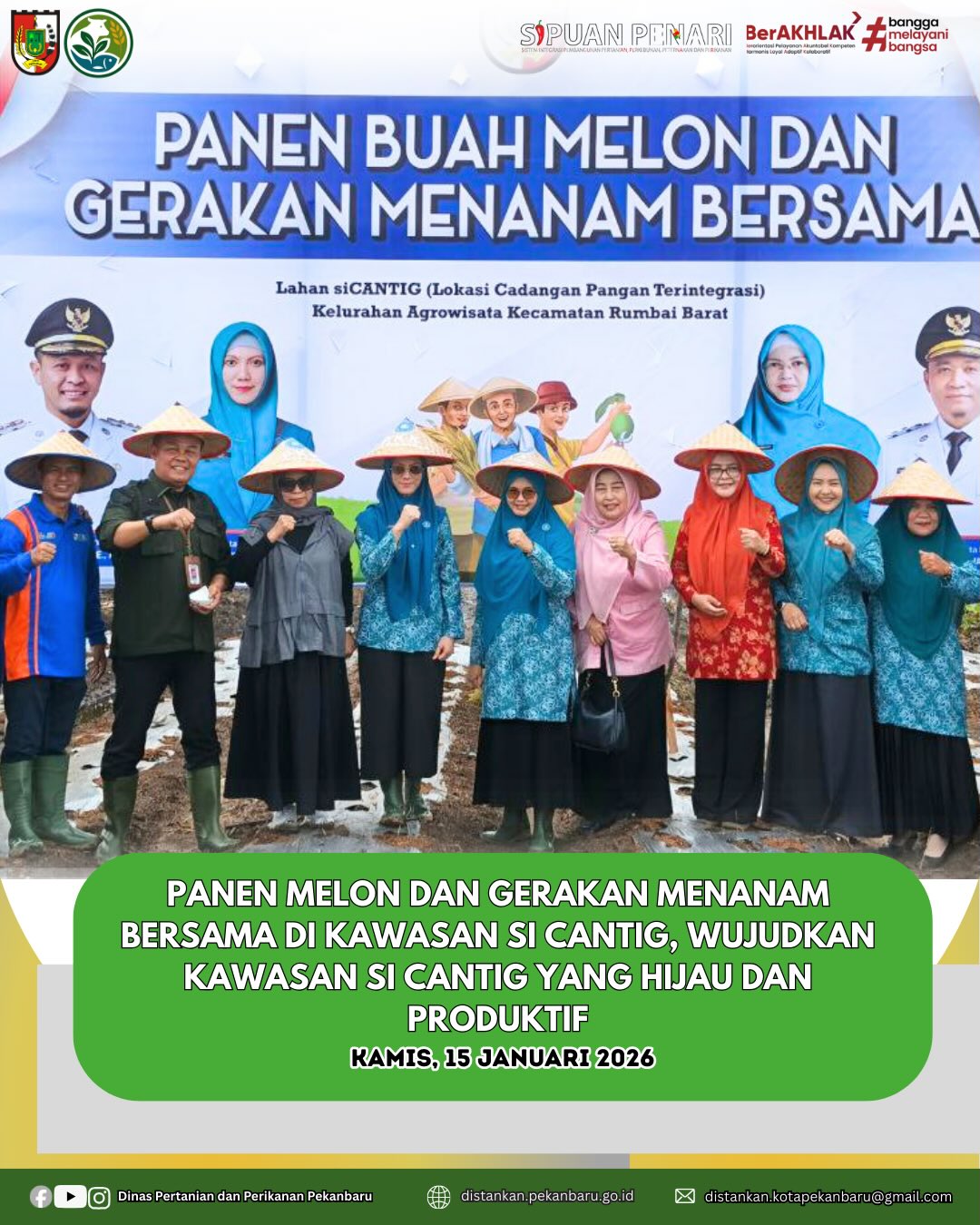 Hari ini dilaksanakan kegiatan Panen Melon sekaligus Gerakan Menanam Bersama di Kawasan Si Cantig (Sistem Cadangan Pangan Terintegrasi) sebagai upaya memperkuat ketahanan pangan berkelanjutan di Kota Pekanbaru.
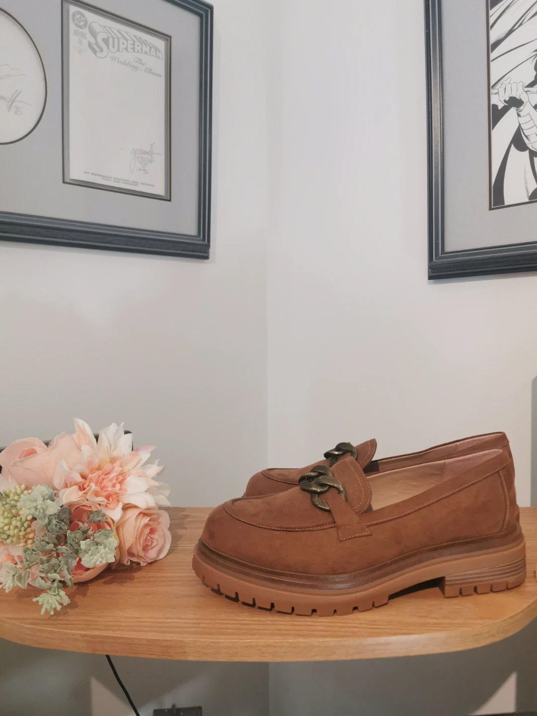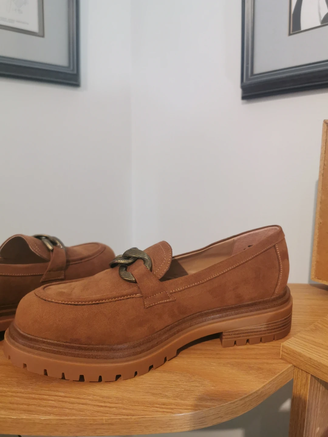 Selling a pair of brown suede loafers! They are in great condition and would be perfect for everyday wear. The shoes are a lovely brown colour and feature a chain detail on the front. These loafers have
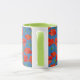 En chic Kaffe Mugg, med grönt läppar och handtag och Scarlet Fält poppies på Rik blå bakgrund (utmärkt gåva till vem som helst med en August Birthday). Från ett handmålat pappert kollage av Judy Adamson, är den här lysande blommigten en del av "Poppy Fält-samlingen" Posh & Painterly.
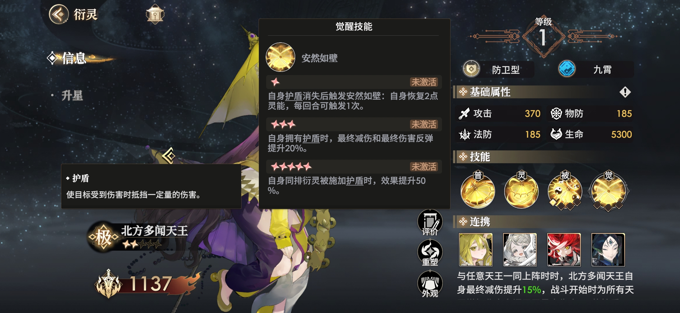 作为全游戏唯一能给我方全体套盾的法宝,能极大幅提高我方的整体坦度,尤其是在我方有多闻天王时,他的天赋不仅能让自身带盾时增加减伤和反伤,还能为同排队友提供额外护盾量。而高星时还能额外为我方全体提供极其珍贵的异常抗性和免控。

Task directions>
In your copy, restate the data above word for word but leave out any picture.

Task solution>
 Hari ini dilaksanakan kegiatan Panen Melon sekaligus Gerakan Menanam Bersama di Kawasan Si Cantig (Sistem Cadangan Pangan Terintegrasi) sebagai upaya memperkuat ketahanan pangan berkelanjutan di Kota Pekanbaru.
 Selling a pair of brown suede loafers! They are in great condition and would be perfect for everyday wear. The shoes are a lovely brown colour and feature a chain detail on the front. These loafers have
 En chic Kaffe Mugg, med grönt läppar och handtag och Scarlet Fält poppies på Rik blå bakgrund (utmärkt gåva till vem som helst med en August Birthday). Från ett handmålat pappert kollage av Judy Adamson, är den här lysande blommigten en del av "Poppy Fält-samlingen" Posh & Painterly.
 作为全游戏唯一能给我方全体套盾的法宝,能极大幅提高我方的整体坦度,尤其是在我方有多闻天王时,他的天赋不仅能让自身带盾时增加减伤和反伤,还能为同排队友提供额外护盾量。而高星时还能额外为我方全体提供极其珍贵的异常抗性和免控。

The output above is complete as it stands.